══ DATA FOR REVIEW

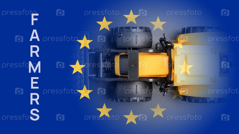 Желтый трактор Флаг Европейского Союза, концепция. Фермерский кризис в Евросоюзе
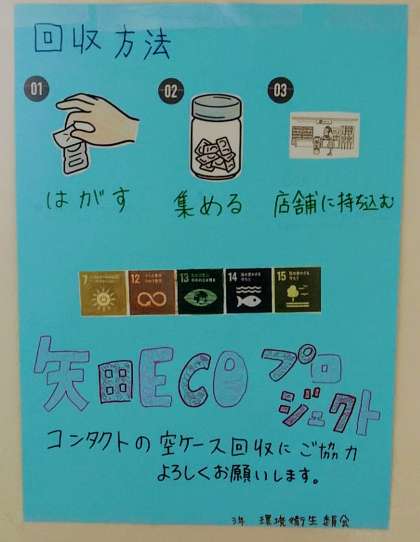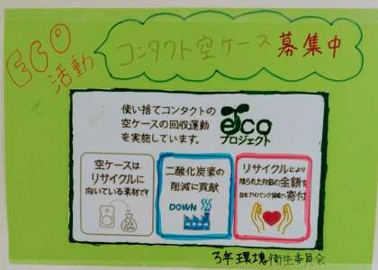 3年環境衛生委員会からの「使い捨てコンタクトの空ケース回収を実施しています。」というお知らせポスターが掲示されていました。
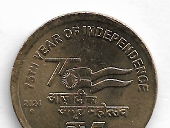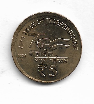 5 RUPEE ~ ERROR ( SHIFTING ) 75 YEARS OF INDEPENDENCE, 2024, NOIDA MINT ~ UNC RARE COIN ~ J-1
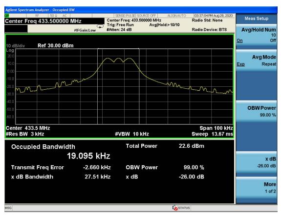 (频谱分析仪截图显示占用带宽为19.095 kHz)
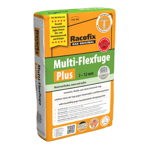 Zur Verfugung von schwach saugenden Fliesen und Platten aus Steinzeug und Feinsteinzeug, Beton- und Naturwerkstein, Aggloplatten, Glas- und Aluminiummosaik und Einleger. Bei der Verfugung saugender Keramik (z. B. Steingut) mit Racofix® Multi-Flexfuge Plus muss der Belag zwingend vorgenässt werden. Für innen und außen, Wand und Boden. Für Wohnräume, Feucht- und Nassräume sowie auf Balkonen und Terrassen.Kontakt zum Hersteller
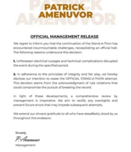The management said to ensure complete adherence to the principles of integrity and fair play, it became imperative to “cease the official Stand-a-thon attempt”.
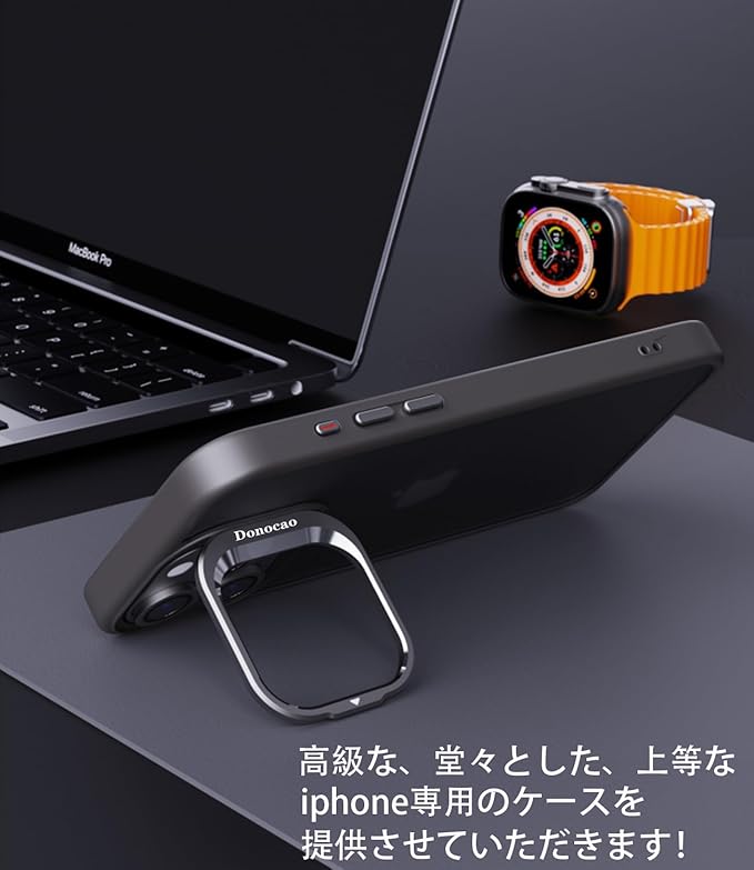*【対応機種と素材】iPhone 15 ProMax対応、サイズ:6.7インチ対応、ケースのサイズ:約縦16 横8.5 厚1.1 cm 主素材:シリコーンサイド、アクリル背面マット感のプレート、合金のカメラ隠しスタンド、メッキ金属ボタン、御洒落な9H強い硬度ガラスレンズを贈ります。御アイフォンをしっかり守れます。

════
══ DATA FOR REVIEW

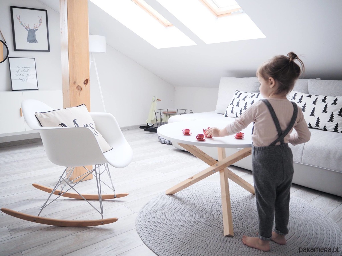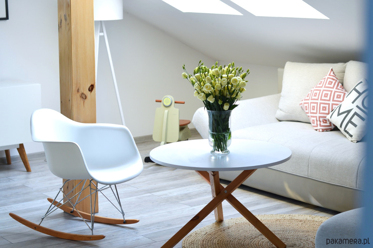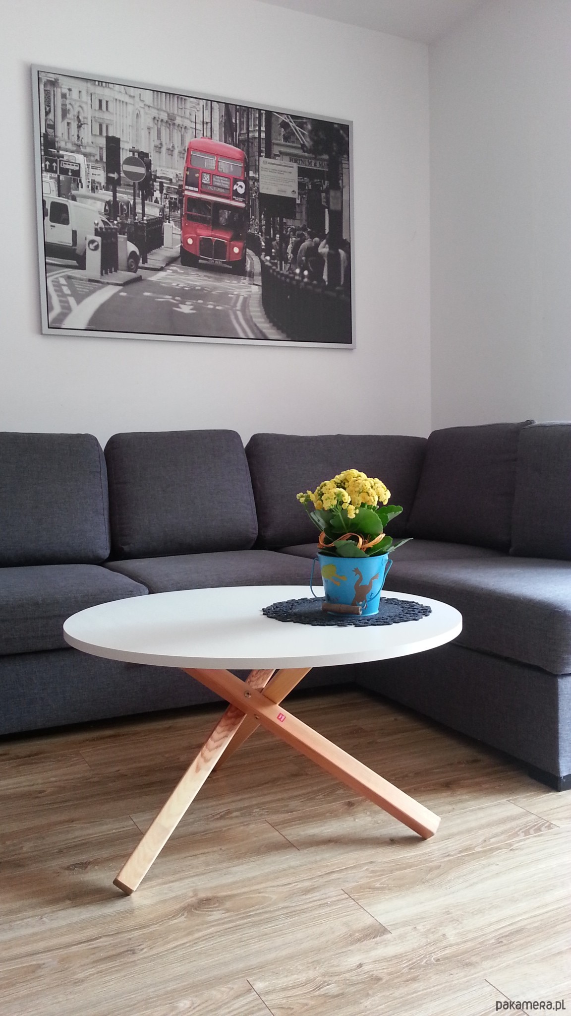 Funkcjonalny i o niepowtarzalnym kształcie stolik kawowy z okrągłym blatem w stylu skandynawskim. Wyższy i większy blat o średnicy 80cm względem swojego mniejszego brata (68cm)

════

__PROBLEM__
Using the data above, copy exactly the lines from the one containing "3年環境衛生委員会からの「使" to the one containing "(频谱分析仪截图显示占用带宽为19.095 kHz)", inclusive. Exclude the pictures.

__YOUR RESPONSE__
 3年環境衛生委員会からの「使い捨てコンタクトの空ケース回収を実施しています。」というお知らせポスターが掲示されていました。
 5 RUPEE ~ ERROR ( SHIFTING ) 75 YEARS OF INDEPENDENCE, 2024, NOIDA MINT ~ UNC RARE COIN ~ J-1
 (频谱分析仪截图显示占用带宽为19.095 kHz)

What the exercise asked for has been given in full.